▸ What the task requires: For the material below, set down exactly the lines between the one containing "Deze educatieve speelgoedset" and the last line, both included, leaving every picture out.

▸ Records to process:
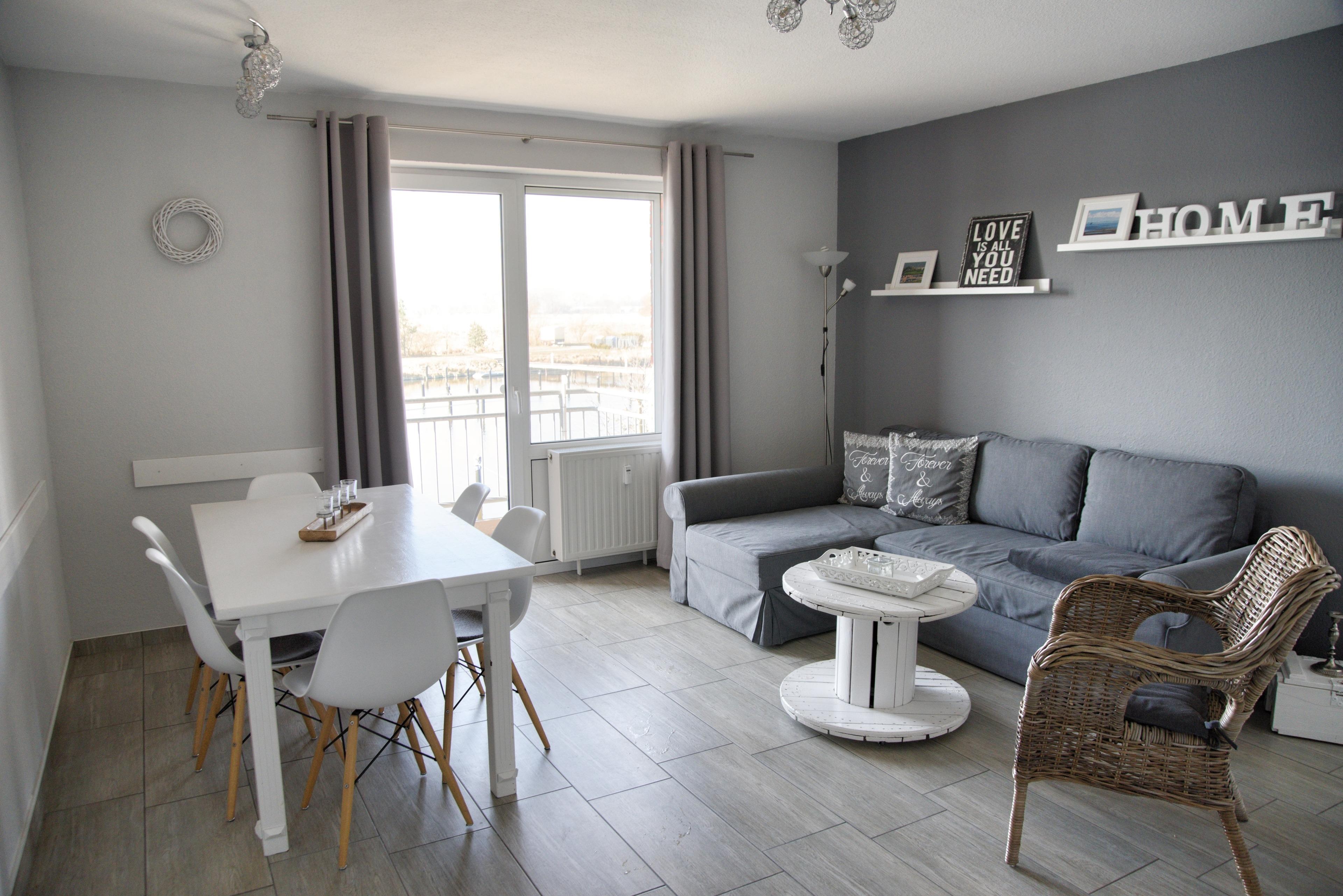 Hochwertige Ferienwohnung in Ueckermünde mit Hafenblick, zwei Balkonen und maritimem Flair.
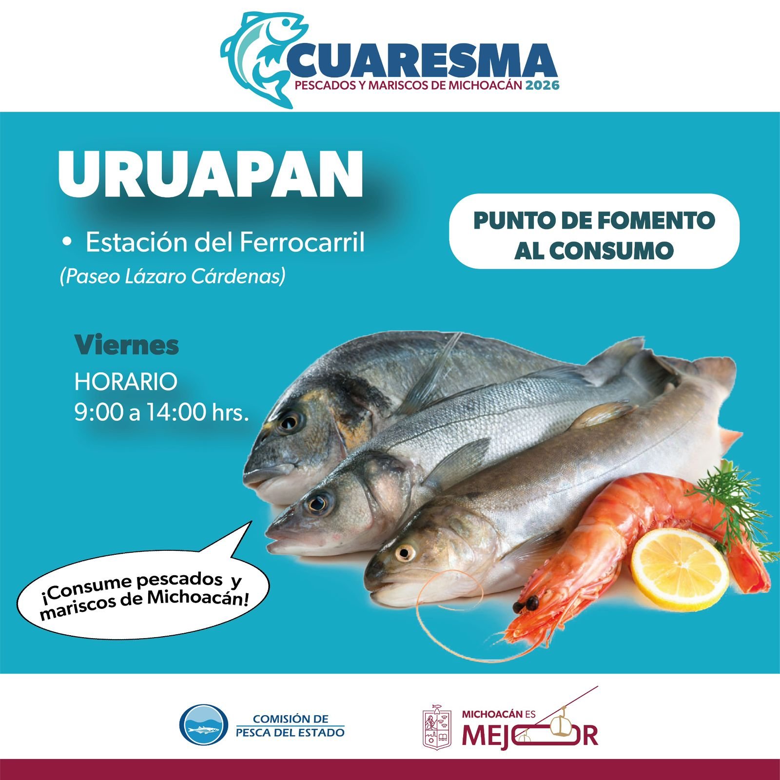 El objetivo de estos puntos es promover una alimentación saludable, ya que el pescado es un alimento de alto valor nutricional que aporta proteínas de calidad, vitaminas y minerales esenciales para una dieta equilibrada. En estos espacios se ofrecerán especies de granja como tilapia, trucha, bagre y rana toro, así como productos del mar como huachinango, camarón y langosta, todos con estándares de calidad del sector pesquero y acuícola de Michoacán.
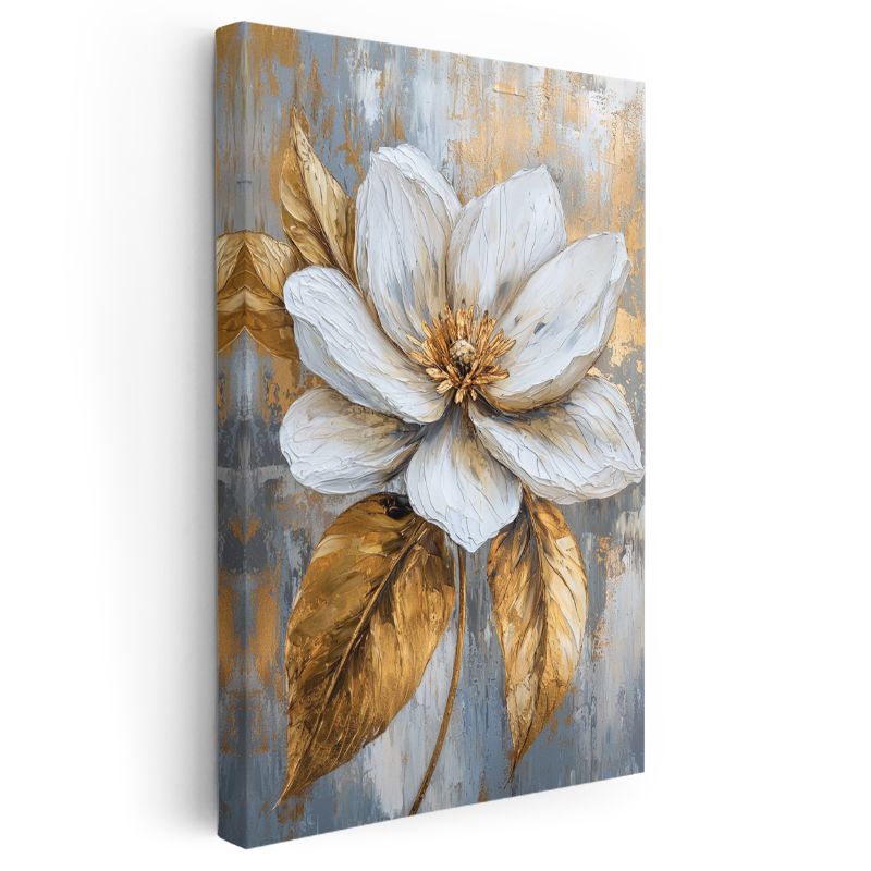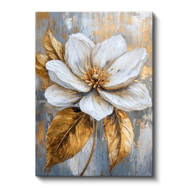 Altın Dokunuşlu Beyaz Çiçek - Tekstürlü Sanat Kanvas Tablo
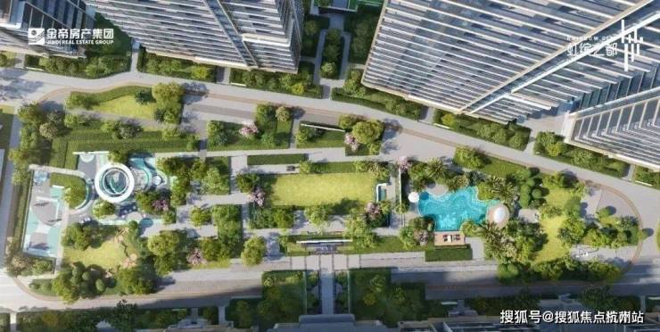项目1期8栋住宅建筑呈南北排布,围合约13000方景观中庭。从鸟瞰图来看,虹缤之都9#楼既与银湖公园紧邻,向湖景公园敞开怀抱,向南又俯小区中央园景。自然形成以“园”为庭,以“湖”为院的“前庭后院”双乐园体验。
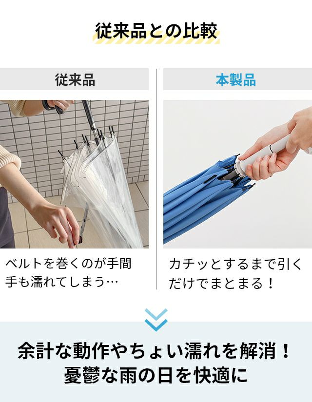 他の画像を見る ベルトのない、閉じるだけでスリムにまとまる傘です。最後に手で生地をまとめたり、ベルトで留める必要がなく、手を濡らさず、もたつく煩わしさもありません。 マーナ 【選べる2大特典】 傘 シュパット アンブレラ 62cm 雨傘 長傘 晴雨兼用 手が濡れない 畳める ベルトなし レディース メンズ 男女兼用 無地 おしゃれ かわいい シンプル 車 大人 スライド 16本骨 母の日 撥水 UVカット marna Shupatto 当店特別価格 ¥ 6,930 税込 詳細を見る お気に入りに登録する
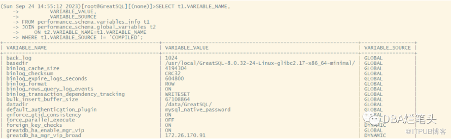 SELECT t1.VARIABLE_NAME, VARIABLE_VALUE, VARIABLE_SOURCE FROM performance_schema.variables_info t1 JOIN performance_schema.global_variables t2 ON t2.VARIABLE_NAME=t1.VARIABLE_NAME WHERE t1.VARIABLE_SOURCE != 'COMPILED';
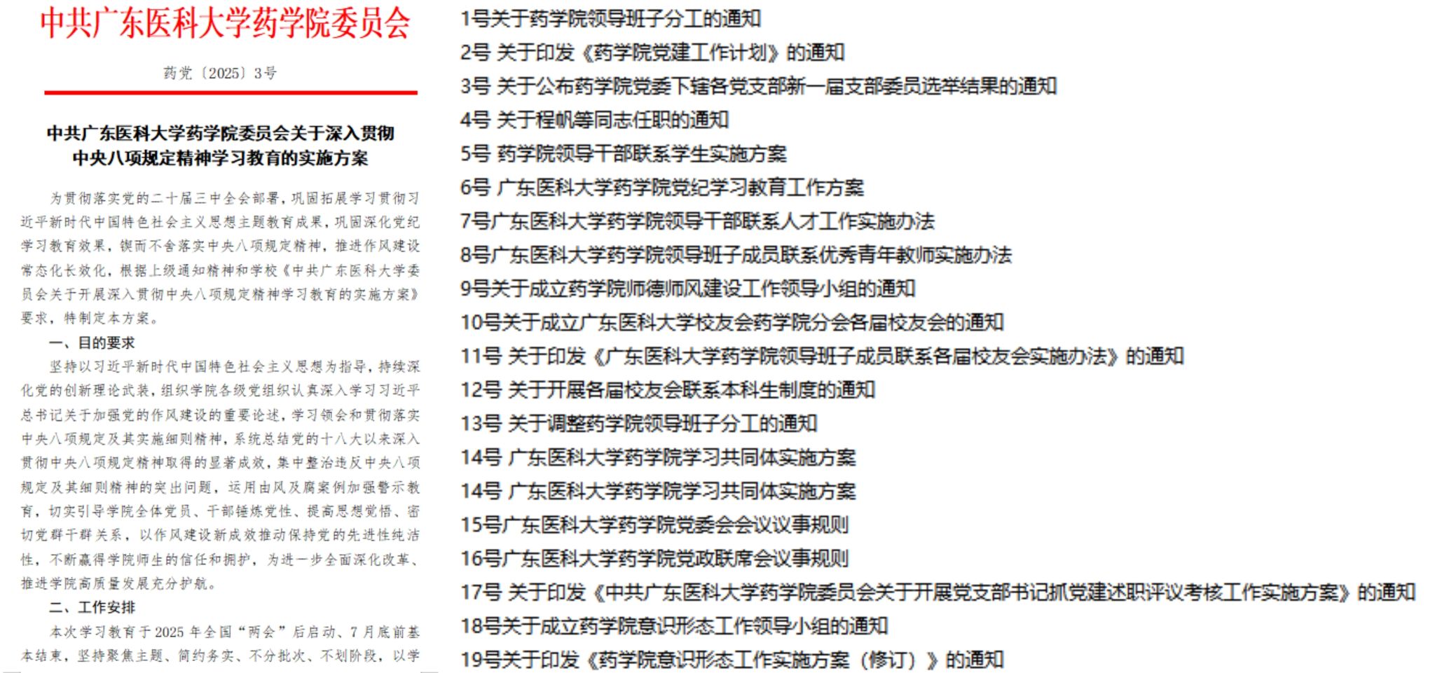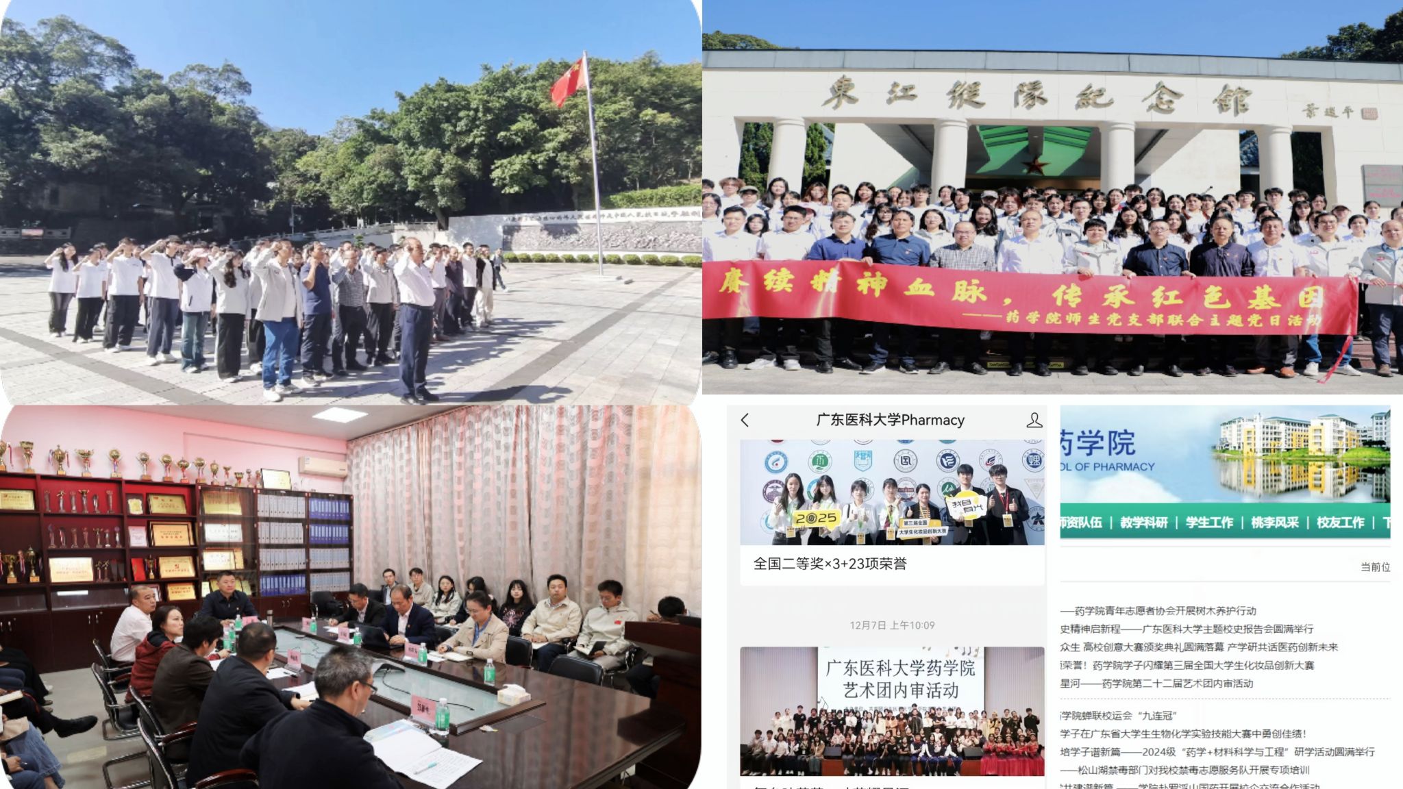 党建品牌创特色,思政育人结硕果。学院深化“党建+”融合模式,践行“1-2-6-1”党建特色发展战略(即以1个中心、2个重心、6个抓手、实现1个根本),开展“党建+科研育人”“党建+创新创业”“党建+社会实践”等系列活动。全年制定制度性文件10项,通过“书记院长信箱”等机制办结诉求50余项。党建工作成果丰硕,学院党委连续2年获校党建考核“优秀”,药学院团委获评“广东省五四红旗团委”,不断创新和优化学习载体,举办教师“党课开讲啦”等特色活动,共录制并推荐6堂精品党课进行展播,党建队伍成员获多项省级、校级荣誉。
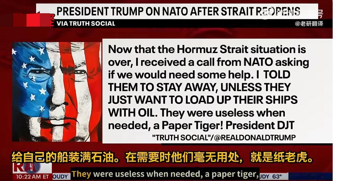 海峡刚恢复通行就翻脸,特朗普既是发泄怒火,也是一种敲打。在特朗普眼里,北约早已是只能利用、不能共患难的摆设,就算“美国爸爸”也不好使!
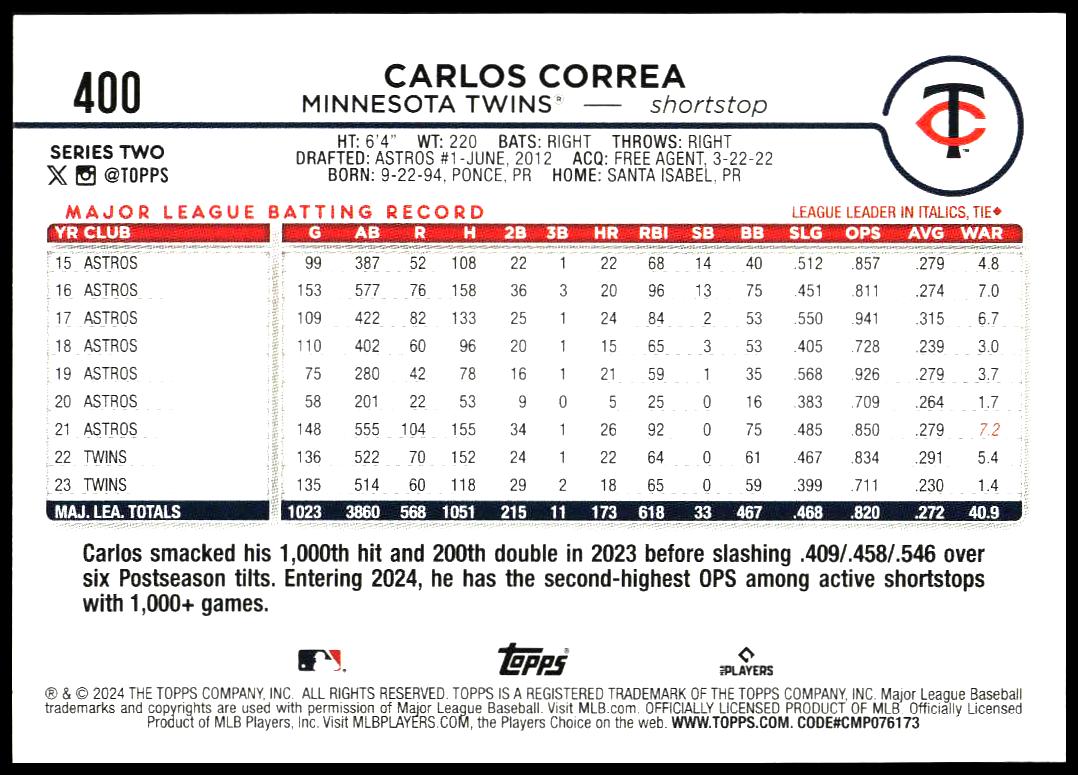 This BaseballΒ card, from 2024 is part of the Topps Series 2Β card set. Carlos Correa is featured and has a card number of 400.
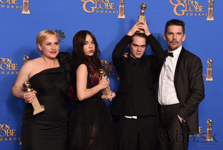 Zlatý glóbus za najlepší film v kategórii dráma získalo Chlapčenstvo. Na fotografii: Zľava: Patricia Arquette, Lorelei Linklater, Ellar Coltrane a Ethan Hawke pózujú fotografom so Zlatými glóbusmi v rukách. Film Chlapčenstvo získal aj ďalšie dve trofeje, keď Patriciu Arquette ocenili za herecký výkon vo vedľajšej úlohe a Richarda Linklatera za réžiu. Foto: SITA/AP
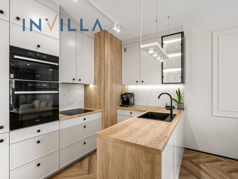 Apartament został zaprojektowany przez architekta z dbałością o wysoki standard wykończenia i funkcjonalność rozwiązań:
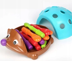 Deze educatieve speelgoedset is ideaal voor de eerste stapjes in leren door spel. Grote ergonomische onderdelen passen in kleine handjes, en de opvallende kleuren nodigen uit tot sorteren en het maken van eenvoudige reeksen. De genummerde schelp stimuleert vroeg tellen en het onderscheiden van kleuren, terwijl het plaatsen van de stekels de fijne motoriek en het geduld traint.
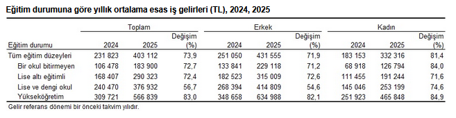 Eğitim durumuna göre yıllık ortalama esas iş gelirleri sırasıyla yükseköğretim mezunlarında 566 bin 839 TL, lise ve dengi okul mezunlarında 376 bin 932 TL, lise altı eğitimlilerde 290 bin 323 TL, bir okul bitirmeyenlerde 183 bin 900 TL olarak hesaplandı. Geçen yıla göre yıllık ortalama esas iş gelirinde en yüksek artış yüzde 83,0 ile yükseköğretim, en düşük artış ise yüzde 56,7 ile lise ve dengi okul mezunlarında oldu.
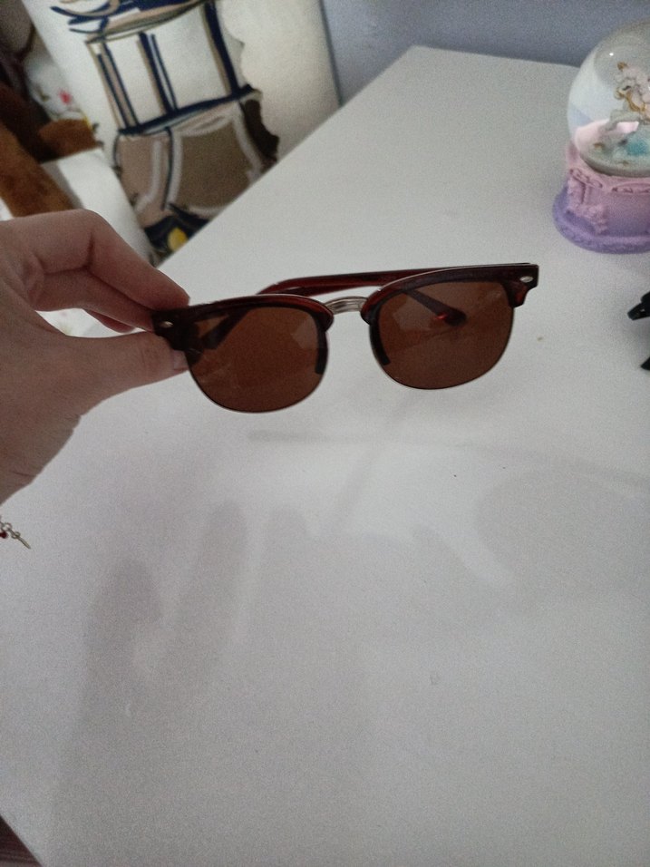 Kahverengi, retro tarzda kadın güneş gözlüğü, minimal ve bohem dokunuşlu, koyu renkli lenslere sahip. ️
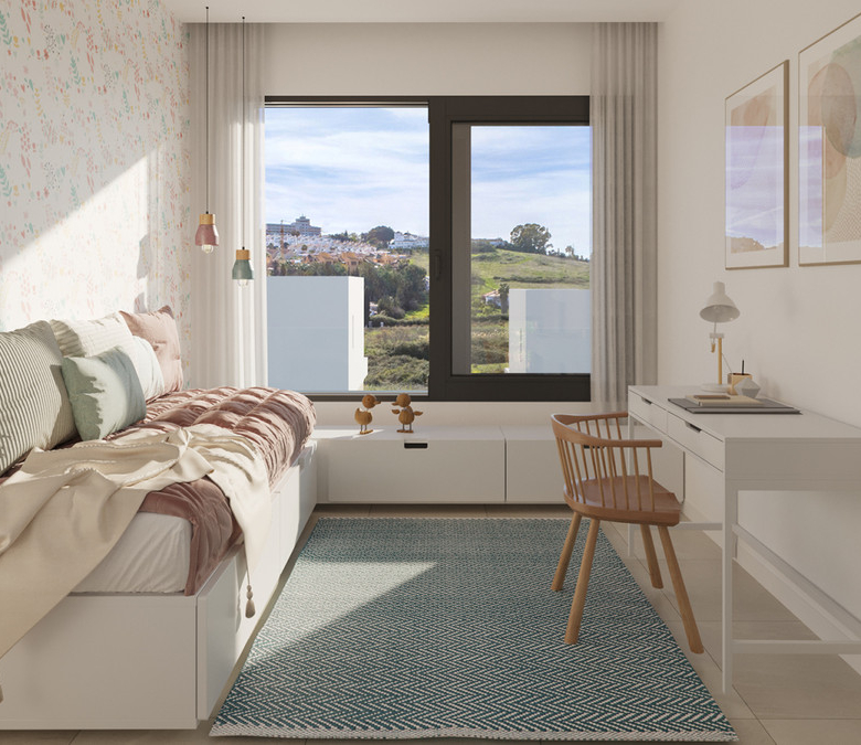 The homes enjoy excellent views and orientation, allowing for sunlight until sunset, as well as access to beautiful communal garden areas with two saltwater swimming pools—one of them designed for children and featuring beach-style access.
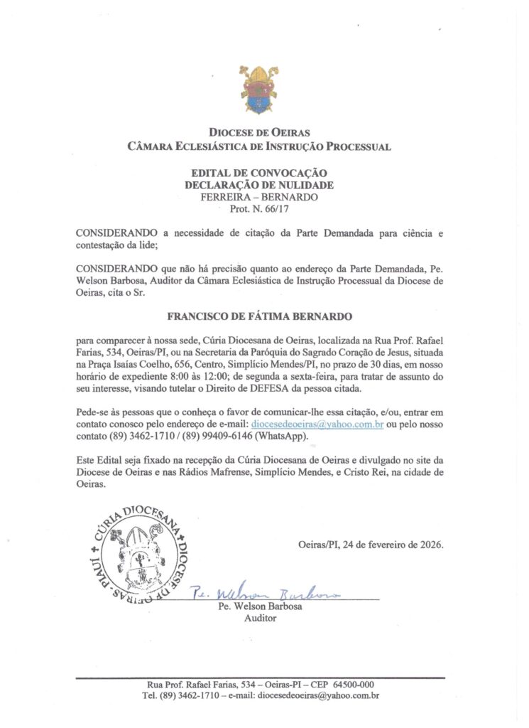 A Diocese de Oeiras realizou, no dia 7 de março, a Assembleia Diocesana de Juventudes 2026, reunindo jovens, lideranças e representantes de grupos e pastorais
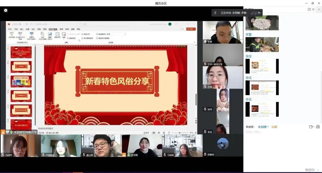 研会、学生会组织了特别的视频连线活动。已经返乡的学生跟在校学生视频,一同欢度春节,互相送上新年祝福。辅导员们也在群里跟学生互动,送上美好的新春祝福。

▸ Response below:
 Deze educatieve speelgoedset is ideaal voor de eerste stapjes in leren door spel. Grote ergonomische onderdelen passen in kleine handjes, en de opvallende kleuren nodigen uit tot sorteren en het maken van eenvoudige reeksen. De genummerde schelp stimuleert vroeg tellen en het onderscheiden van kleuren, terwijl het plaatsen van de stekels de fijne motoriek en het geduld traint.
 Eğitim durumuna göre yıllık ortalama esas iş gelirleri sırasıyla yükseköğretim mezunlarında 566 bin 839 TL, lise ve dengi okul mezunlarında 376 bin 932 TL, lise altı eğitimlilerde 290 bin 323 TL, bir okul bitirmeyenlerde 183 bin 900 TL olarak hesaplandı. Geçen yıla göre yıllık ortalama esas iş gelirinde en yüksek artış yüzde 83,0 ile yükseköğretim, en düşük artış ise yüzde 56,7 ile lise ve dengi okul mezunlarında oldu.
 Kahverengi, retro tarzda kadın güneş gözlüğü, minimal ve bohem dokunuşlu, koyu renkli lenslere sahip. ️
 The homes enjoy excellent views and orientation, allowing for sunlight until sunset, as well as access to beautiful communal garden areas with two saltwater swimming pools—one of them designed for children and featuring beach-style access.
 A Diocese de Oeiras realizou, no dia 7 de março, a Assembleia Diocesana de Juventudes 2026, reunindo jovens, lideranças e representantes de grupos e pastorais
 研会、学生会组织了特别的视频连线活动。已经返乡的学生跟在校学生视频,一同欢度春节,互相送上新年祝福。辅导员们也在群里跟学生互动,送上美好的新春祝福。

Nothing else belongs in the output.